Why a third axis next to skills/ and design-systems/

Axis Scope Example
skills/ Artifact shape saas-landing, dashboard, pricing-page
design-systems/ Brand visual language (the 9-section DESIGN.md) linear-app, apple, notion
craft/ Universal craft knowledge — true regardless of brand letter-spacing rules, accent-overuse caps, anti-AI-slop

DESIGN.md tells the agent which colors and fonts a brand uses. craft/ tells the agent the universal rules a competent designer applies on top — e.g. ALL CAPS always needs ≥0.06em tracking, regardless of the brand.

How a skill opts in

Add an od.craft.requires array to the skill's front-matter. Only the listed sections are injected, so a skill that needs only typography pays no token cost for color/motion content.

od:
  craft:
    requires: [typography, color, anti-ai-slop]

Allowed values match the file names in this directory minus the .md extension. Unknown values are silently ignored (forward-compatible).

Why silent fallback instead of fail-fast?

A skeptical reader will ask: "If a skill requests a planned-but-not-yet-vendored section and the corresponding file doesn't exist yet, shouldn't we warn the user?" We chose forward-compatibility over fail-fast: a skill authored today can list a planned slug and start benefiting the moment the matching craft/<slug>.md is vendored in a follow-up PR, with no skill edit needed. The cost of a missed reference is a missing paragraph in the system prompt, not a broken skill — so the loud failure mode is not worth the friction.

Note for skill authors arriving from older guidance: an earlier draft used motion as the future-slug placeholder. The shipped equivalent today is animation-discipline. Use that one if your skill emits motion.

Enforcement levels

Craft files mix auto-checked rules and guidance.

  • Auto-checked. Rules wired into apps/daemon/src/lint-artifact.ts — currently the P0 list in anti-ai-slop.md (Tailwind-indigo accent, two-stop hero gradients, emoji-as-icons, etc.). The linter reports these as findings back to the UI (for P0/P1 badges) and to the agent (as a system reminder for self-correction). Artifact persistence is not currently hard-blocked on P0 hits.
  • Guidance. The rest. The agent reads the rules, reviewers apply them, the linter doesn't check them.

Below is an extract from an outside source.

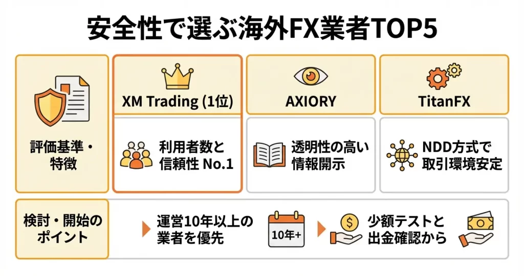 ここまでで、ライセンスや運営実績、そして実際の利用者の声から見る安全性の判断軸を整理しました。次のセクションでは、これらを踏まえて具体的にどの業者を選ぶべきか、安全性の高い海外FX業者のランキング形式で紹介します。

A purely behavioral craft file (state-coverage, animation-discipline) is guidance unless a specific rule is later promoted into lint-artifact.ts.

Files

File Section name When to require
typography.md typography Any skill that emits typed content (~all skills)
color.md color Any skill that emits styled output (~all skills)
anti-ai-slop.md anti-ai-slop Marketing pages, landing pages, decks
state-coverage.md state-coverage Any skill with stateful UI (dashboards, mobile apps, forms, list/table views)
animation-discipline.md animation-discipline Any skill that ships motion: mobile apps, multi-screen flows, gamified UI, transitions, microinteractions
accessibility-baseline.md accessibility-baseline Any skill that ships interactive UI: dashboards, forms, mobile flows, anything with focus/labels/keyboard paths
rtl-and-bidi.md rtl-and-bidi Any skill that ships localized text or layout: blogs, docs, financial tables, mobile apps, anything that may render Arabic / Hebrew / Persian
form-validation.md form-validation Any skill whose primary artifact contains an interactive form: lead capture, sign-in, signup, settings, multi-step intake
laws-of-ux.md laws-of-ux Any skill whose composition decisions hit named cognitive limits: pricing pages (Hick's, Choice Overload, Von Restorff), dashboards (Pareto, Selective Attention, Working Memory), onboarding (Goal-Gradient, Zeigarnik, Peak-End), modals (Fitts's, Tesler's). Sibling axis to the rendering-rule files above — covers what to compose, not how to render.

Partial-stateful skills. A skill that's mostly static but contains an embedded form, data table, or query surface should opt in. State-coverage rules apply to the stateful component, not the whole page.

More sections (icons, craft-details) will be added in follow-up PRs as we wire the linter side.

Attribution

Craft content is adapted from the MIT-licensed refero_skill project (© Refero Design), with edits to fit Open Design's house style and link back to OD's design tokens (var(--accent) etc.) instead of generic Tailwind hex values.